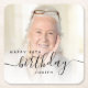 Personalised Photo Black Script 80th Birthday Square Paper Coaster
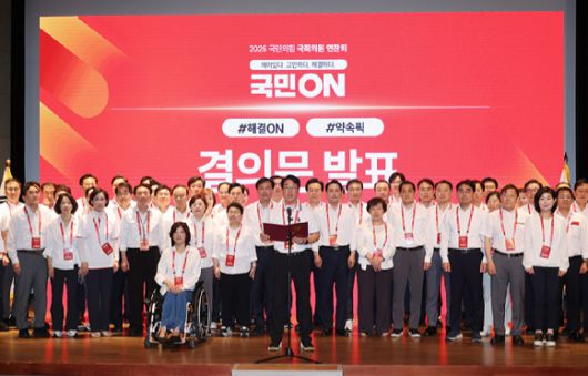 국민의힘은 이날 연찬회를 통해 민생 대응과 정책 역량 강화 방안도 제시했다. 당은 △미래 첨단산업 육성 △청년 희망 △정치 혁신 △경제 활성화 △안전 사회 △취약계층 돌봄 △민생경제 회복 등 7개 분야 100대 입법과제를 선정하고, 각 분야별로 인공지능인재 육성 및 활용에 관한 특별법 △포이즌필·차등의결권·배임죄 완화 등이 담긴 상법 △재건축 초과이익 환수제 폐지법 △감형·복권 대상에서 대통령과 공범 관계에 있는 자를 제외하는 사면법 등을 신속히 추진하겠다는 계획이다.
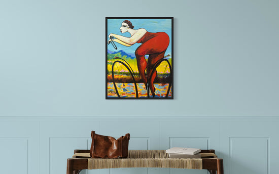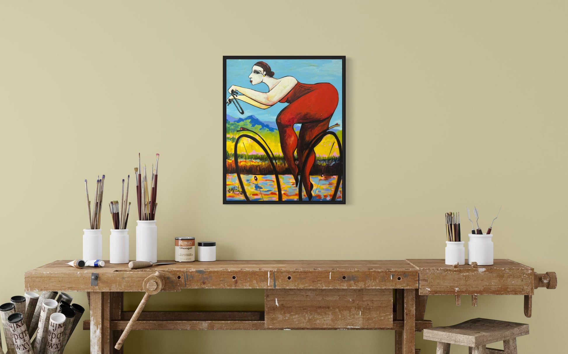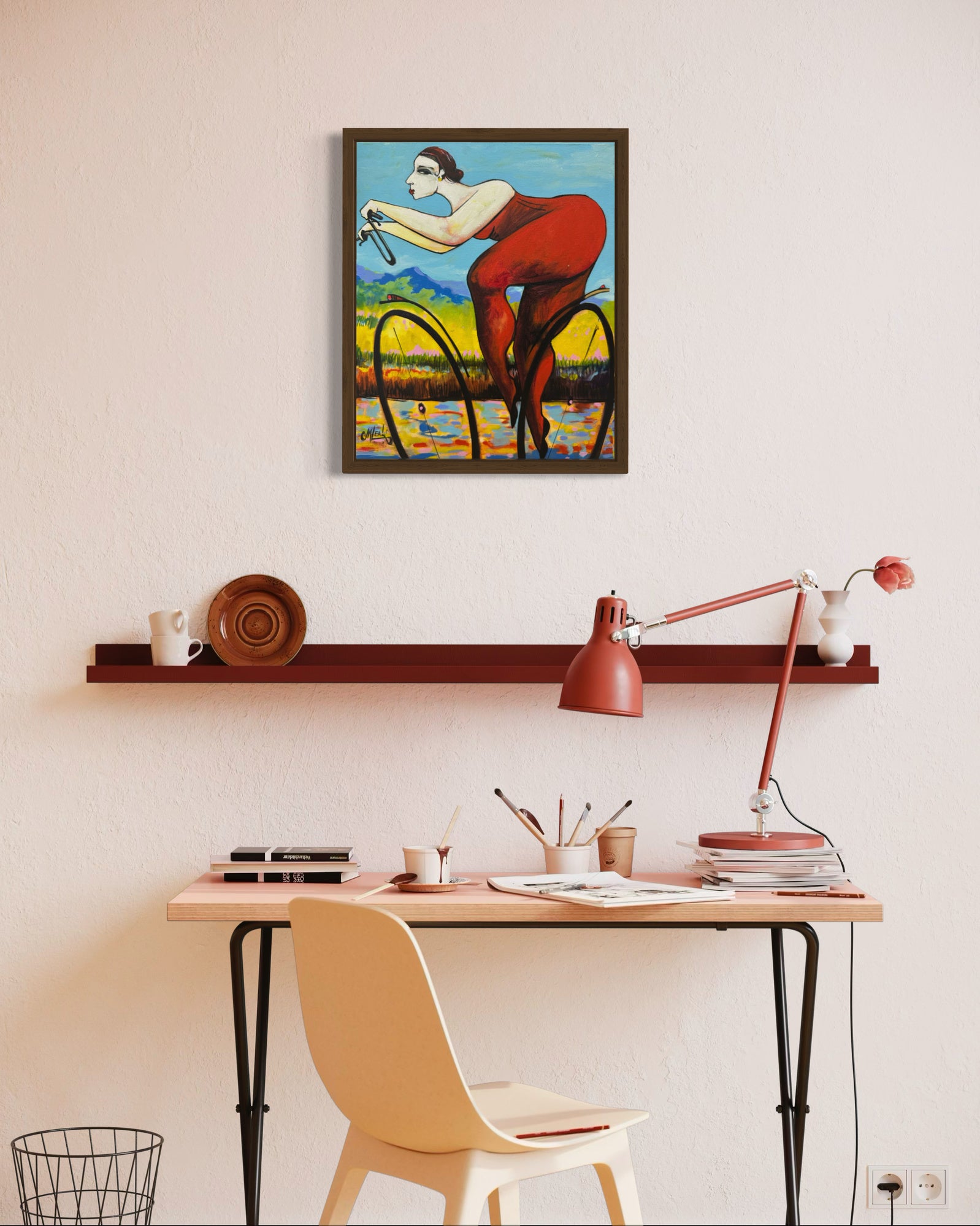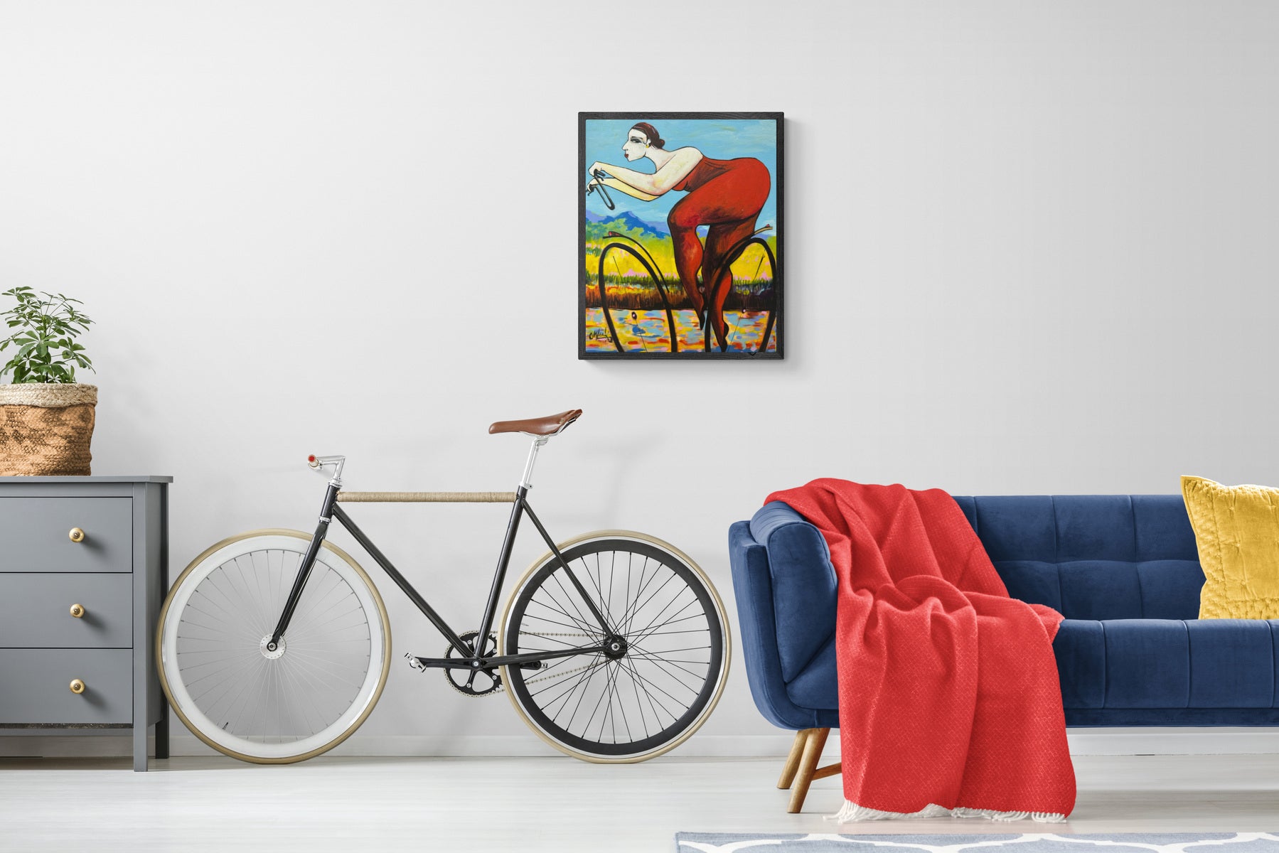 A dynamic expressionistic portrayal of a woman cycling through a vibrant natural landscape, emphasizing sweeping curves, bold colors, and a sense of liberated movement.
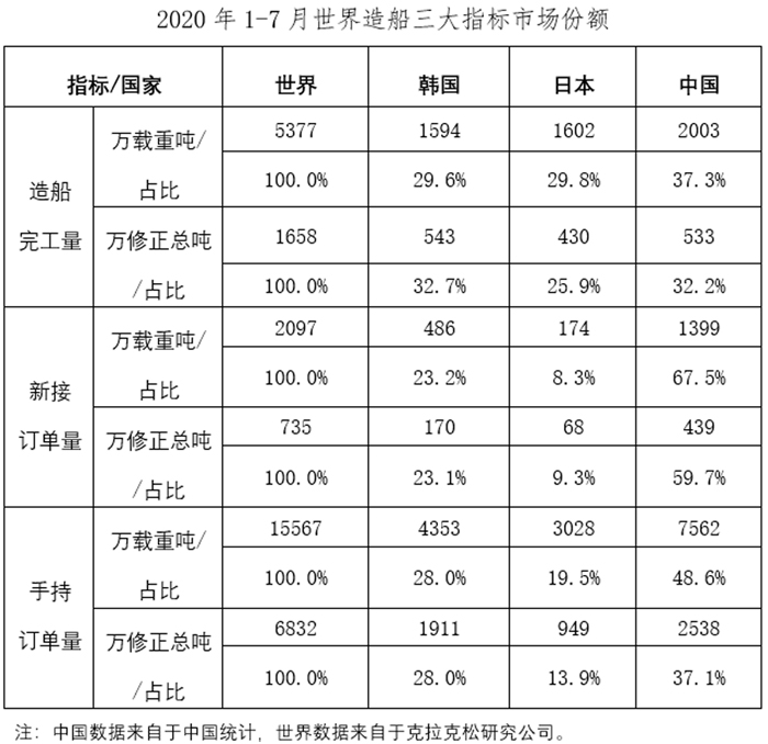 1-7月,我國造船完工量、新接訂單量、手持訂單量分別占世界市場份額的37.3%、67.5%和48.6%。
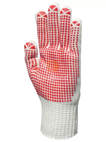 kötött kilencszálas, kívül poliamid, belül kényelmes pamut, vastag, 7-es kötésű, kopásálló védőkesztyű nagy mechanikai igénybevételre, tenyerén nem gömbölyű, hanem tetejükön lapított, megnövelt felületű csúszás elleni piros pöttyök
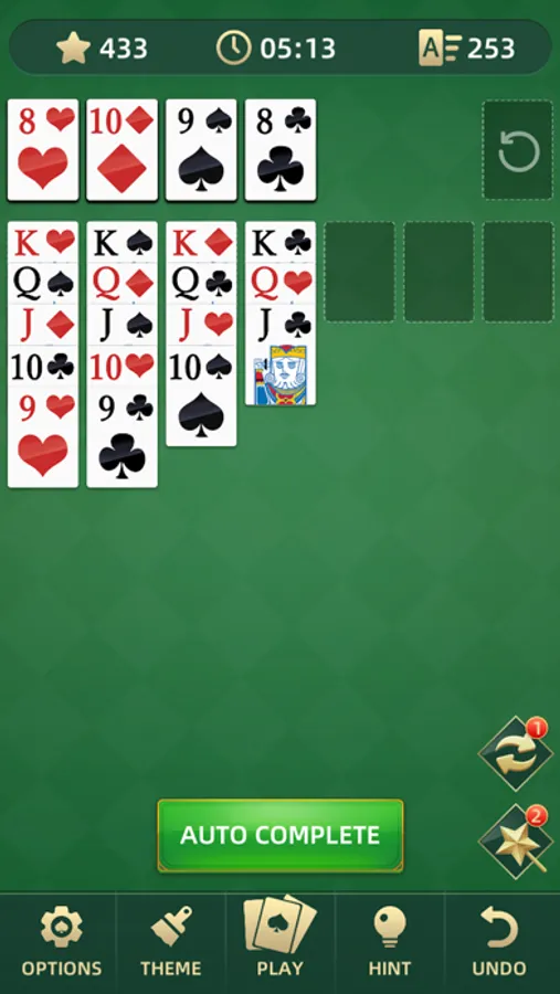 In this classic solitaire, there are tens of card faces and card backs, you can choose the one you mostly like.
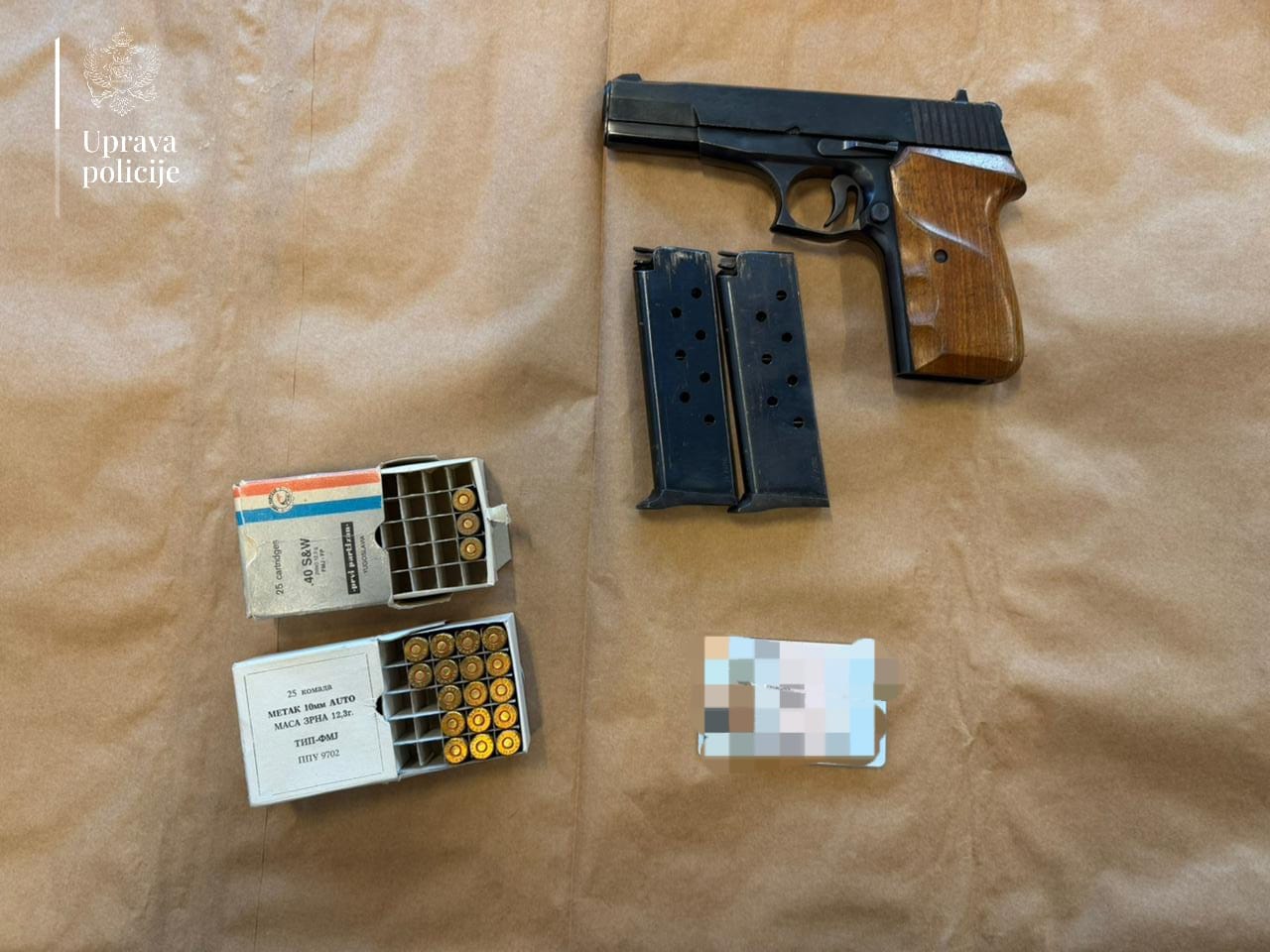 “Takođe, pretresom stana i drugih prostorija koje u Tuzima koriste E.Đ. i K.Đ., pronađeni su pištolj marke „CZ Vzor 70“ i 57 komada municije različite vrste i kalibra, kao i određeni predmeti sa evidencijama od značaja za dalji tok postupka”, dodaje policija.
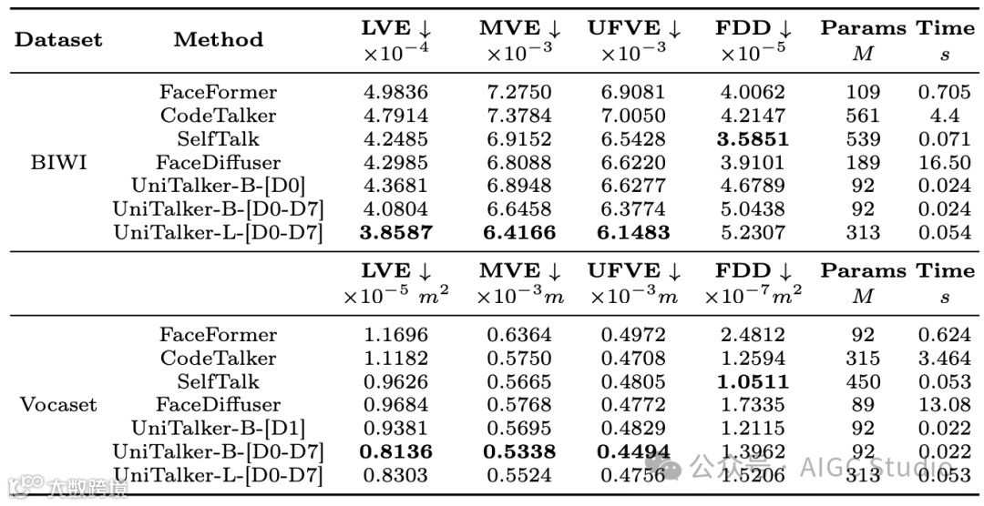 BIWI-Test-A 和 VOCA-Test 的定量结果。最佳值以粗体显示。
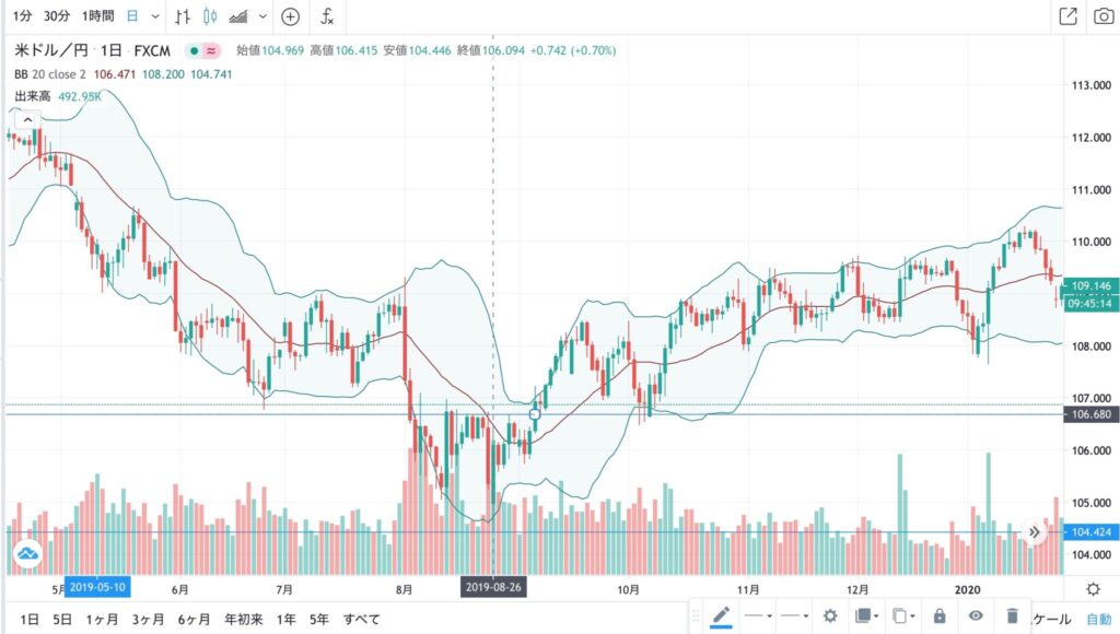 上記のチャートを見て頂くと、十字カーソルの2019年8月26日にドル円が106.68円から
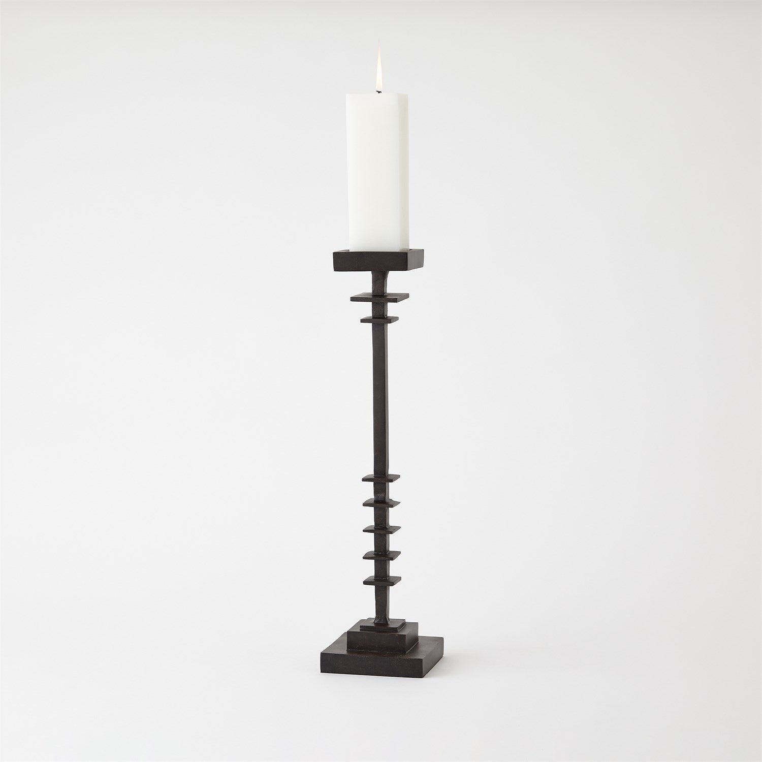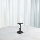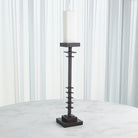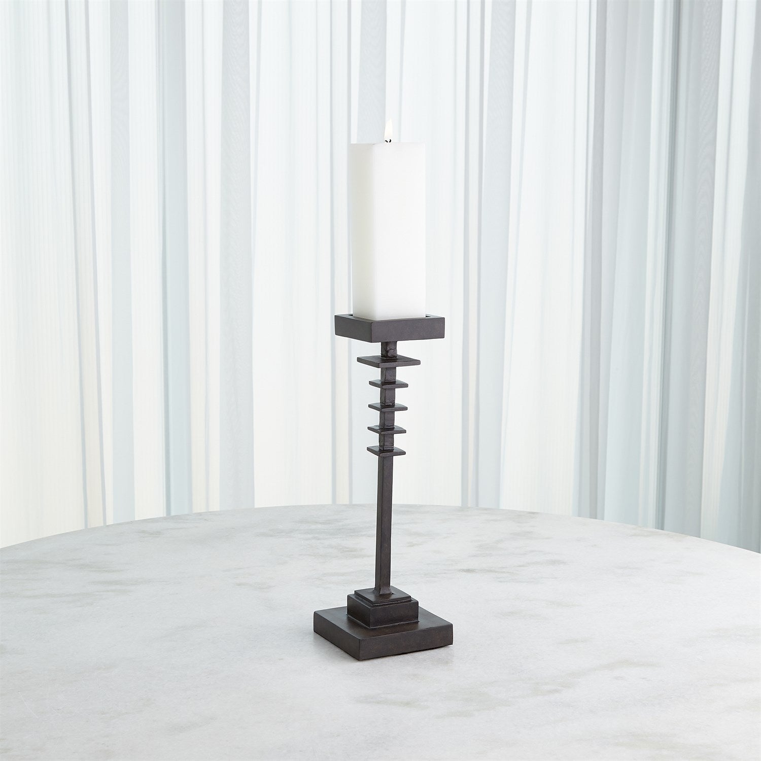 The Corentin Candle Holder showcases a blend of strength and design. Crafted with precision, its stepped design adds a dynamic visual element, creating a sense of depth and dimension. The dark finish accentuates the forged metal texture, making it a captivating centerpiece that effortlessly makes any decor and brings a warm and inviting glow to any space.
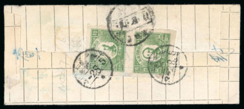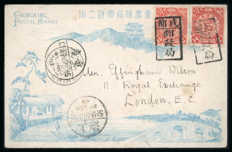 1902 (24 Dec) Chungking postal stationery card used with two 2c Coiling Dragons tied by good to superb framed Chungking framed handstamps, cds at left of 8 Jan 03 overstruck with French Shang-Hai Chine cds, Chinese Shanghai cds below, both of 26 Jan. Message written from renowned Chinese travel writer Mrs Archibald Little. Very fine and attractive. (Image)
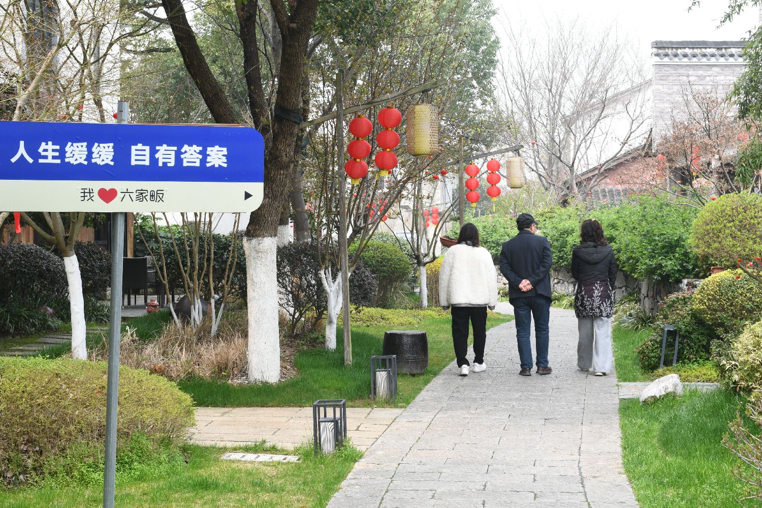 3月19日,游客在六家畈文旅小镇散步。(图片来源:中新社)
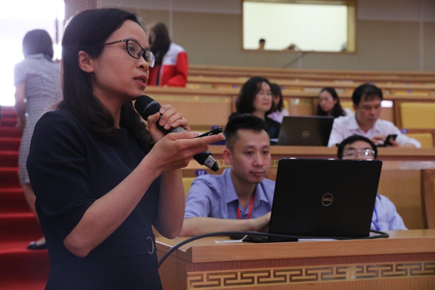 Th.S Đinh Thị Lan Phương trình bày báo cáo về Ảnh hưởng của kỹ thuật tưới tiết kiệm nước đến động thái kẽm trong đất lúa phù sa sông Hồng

* **WORK ITEM**: Exactly as written, repeat the lines from the beginning of the entries up to and including the line with "국민의힘은 이날 연찬회를", but not the pictures.

* **TASK OUTPUT**:
 Personalised Photo Black Script 80th Birthday Square Paper Coaster
 국민의힘은 이날 연찬회를 통해 민생 대응과 정책 역량 강화 방안도 제시했다. 당은 △미래 첨단산업 육성 △청년 희망 △정치 혁신 △경제 활성화 △안전 사회 △취약계층 돌봄 △민생경제 회복 등 7개 분야 100대 입법과제를 선정하고, 각 분야별로 인공지능인재 육성 및 활용에 관한 특별법 △포이즌필·차등의결권·배임죄 완화 등이 담긴 상법 △재건축 초과이익 환수제 폐지법 △감형·복권 대상에서 대통령과 공범 관계에 있는 자를 제외하는 사면법 등을 신속히 추진하겠다는 계획이다.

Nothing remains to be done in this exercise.